Pour les économistes interrogés par le journal, la réforme ne pouvait pas avoir d'effet positif à court terme, notamment parce que nombre d'entreprises l'attendaient pour licencier moins cher. Mais, assurent-ils,  dès que la reprise économique se profilera, les entrepreneurs auront les moyens d'en profiter. Beaucoup d'analystes soulignent cependant que la réforme du travail a échoué à unifier le contrat de travail, et que le marché reste divisé entre un CDI bien protégé et des CDD extrêmement précaires.

Les experts interrogés par Expansión remarquent pour leur part l'amélioration de la productivité et de la compétitivité espagnoles: les entreprises ont pu se débarrasser des travailleurs improductifs et la déflation interne favorise les exportations. Après le FMI, c'est Morgan Stanley qui décerne à l'Espagne un satisfecit en forme de comparaison: l'Espagne sera la prochaine Allemagne de l'Europe - d'ici 3 à 5 ans. En effet, la récession et la réforme du travail ont fait baisser les coûts unitaires de production. Et alors que l'Allemagne connaîtra une hausse des salaires, le maintien du chômage à un taux élevé dans les prochaines années permettra de bloquer les aspirations à des augmentations salariales chez le voisin ibère.

Preuve que le pays redevient compétitif, pour les économistes de Morgan Stanley: l'industrie automobile est en train d'y revenir. Ford, qui a fermé deux usines au Royaume-Uni et une en Belgique, augmente sa production à Valence. Renault, qui abandonne son site historique d'Aulnay, embauchera à Palencia et Valladolid. Nissan recrutera et investira à Barcelone, après avoir passé avec les syndicats un accord de modération salariale. 

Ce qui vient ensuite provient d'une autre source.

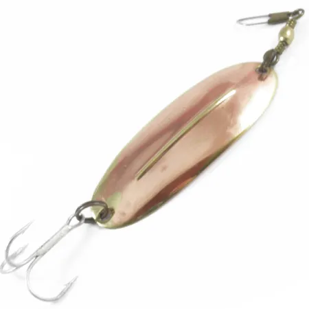 De koperen afwerking vangt het licht prachtig op deze in Canada gemaakte lepel van 14 g. De Wabler W50 (productcode 3599) is duidelijk gestempeld met de naam Williams en is voorzien van de kenmerkende lengterichel die stabiliteit biedt tijdens zowel snelle als langzame inhaalslagen. Met een lengte van 6,7 cm vertoont dit exemplaar een schoon, goed bewaard oppervlak dat typisch is voor een 4/5 conditiebeoordeling. De hardware omvat een stevige zilverkleurige dreg en een wartel aan de bovenkant die klaar is voor de lijn. Ontworpen voor het vissen op snoek en snoekbaars; de rib over het midden voorkomt dat het kunstaas gaat spinnen en zorgt in plaats daarvan voor een stabiele koers door het water.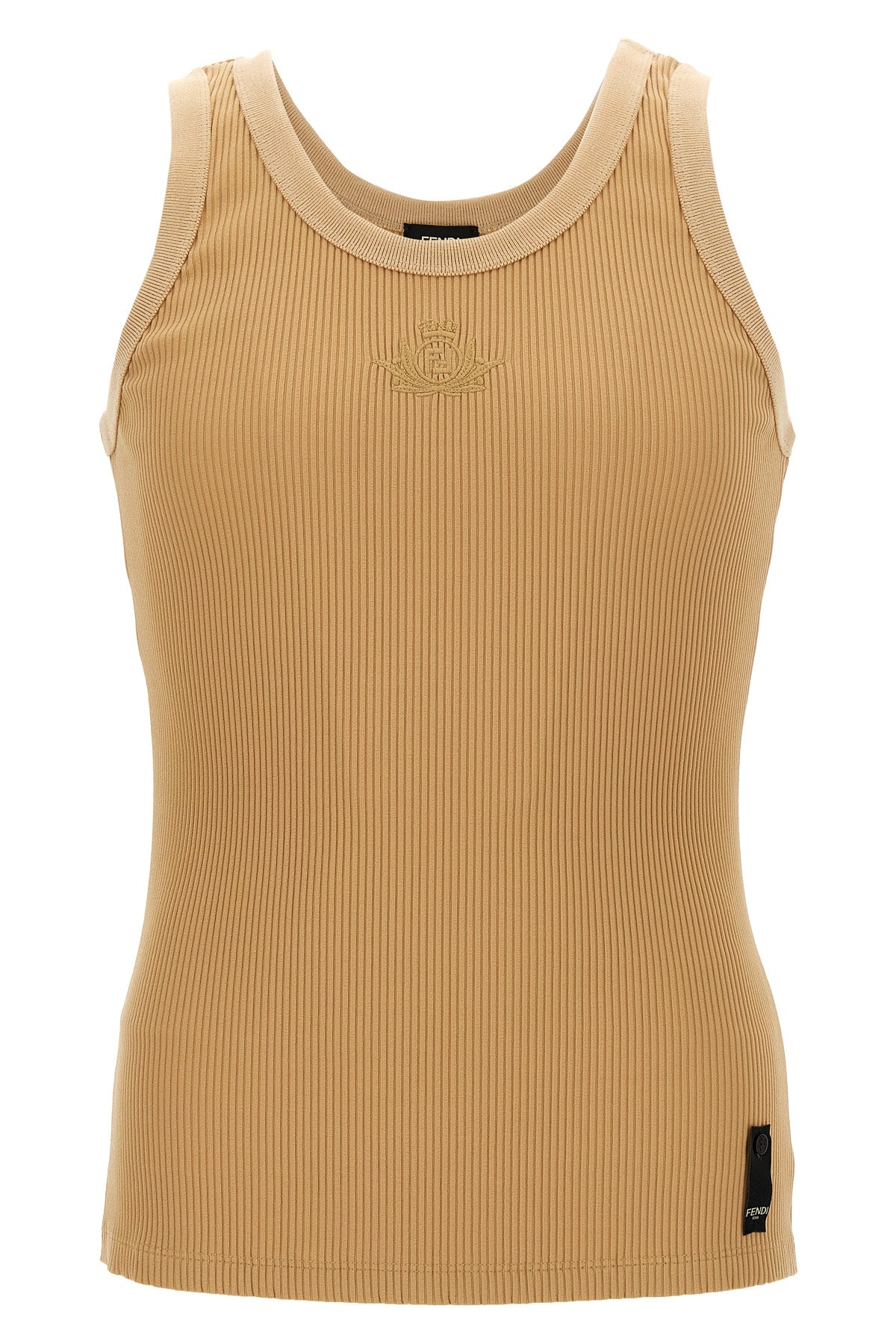 Débardeur en tissu côtelé extensible avec broderie ton sur ton du logo Fendi sur le devant et encolure ronde.

Bref, l'Espagne revient à son avantage traditionnel: la main d'oeuvre bon marché, et tous les analystes financiers s'en félicitent. Parallèlement, le Congrès a approuvé hier jeudi la reconduction automatique du Plan Prepara - un programme d'aide de 400€ mensuels aux chômeurs en fin de droits - tant que le taux de chômage restera au-dessus de la barre des 20%. Il y a en Espagne deux millions de foyers dont tous les membres sont sans emploi et sans ressources.